The court mandated a payment of N300 million in total to the parents of the deceased.

Justice Hawa Buhari, presiding over the case, ruled on April 22, 2024, that the police violated multiple constitutional and international rights, including the right to life and freedom of religion, as laid out in the 1999 Constitution and the African Charter on Human and Peoples Rights.

The families of Jafar Magaji, Aliyu Lawal, and Muhsin Badamasi, who were killed while participating in the Ashura Procession in Zaria City, will each receive N100 million.

Shi'ites Abuja Buhari
Members of the Islamic Movement of Nigeria preparing the bodies of members killed when the Nigerian Army opened fire during the group’s protests in the capital Abuja in October 2018 | Afolabi Sotunde/Reuters

The judgment also stipulates a 10 percent annual interest on the compensation until fully paid and requires the police to publish a public apology in a national newspaper.

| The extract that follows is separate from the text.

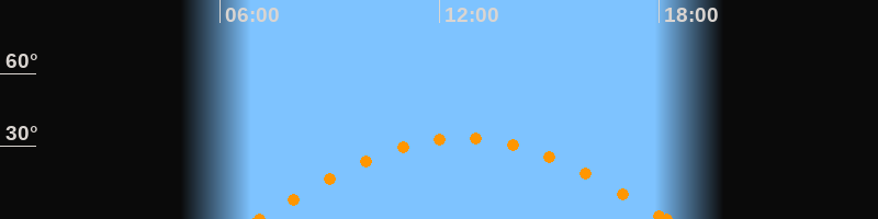 Höchster Stand (Kulmination)12:37 Uhr (h = 33.4°)
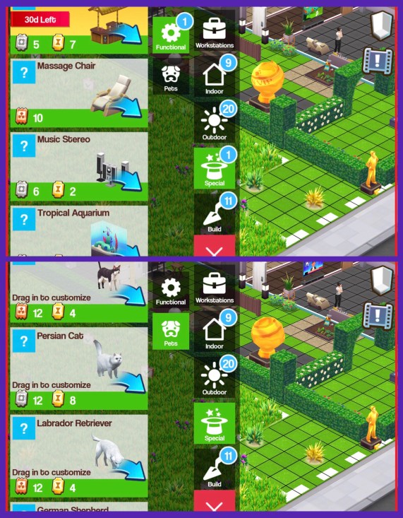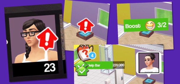 - Help 5 other players’ Functional Items (in the friends tab if a player has a functional item that needs boosting you will see the red house symbol, go to their house, click on the functional item and boost it)

The court’s decision followed the consolidation of three separate lawsuits filed by the next-of-kins of the deceased against several police officials, including the Inspector-General of Police and other local commanders.

Shi'ite Protest Abuja Police
Scene of Violence: Shi’ite protest in Abuja for the release of Ibrahim Zakzaky, the leader of the Islamic Movement of Nigeria who has been illegally detained by President Muhammadu Buhari since 2015. The protest happened on Monday, July 22, 2019

The applicants, represented by attorneys H.G Magashi, M.D Abubakar, and Dr Yusha’u Shaikh, argued that the police action was “illegal, unconstitutional, and a flagrant violation” of the fundamental rights to life and religious freedom.

Despite a preliminary objection by the respondents seeking dismissal for lack of jurisdiction, Justice Buhari affirmed the court’s authority to hear the case.

This judgment arrives amidst ongoing tensions and incidents of violence involving religious groups in Nigeria, spotlighting the ongoing challenges in ensuring police accountability and the protection of fundamental human rights in the country.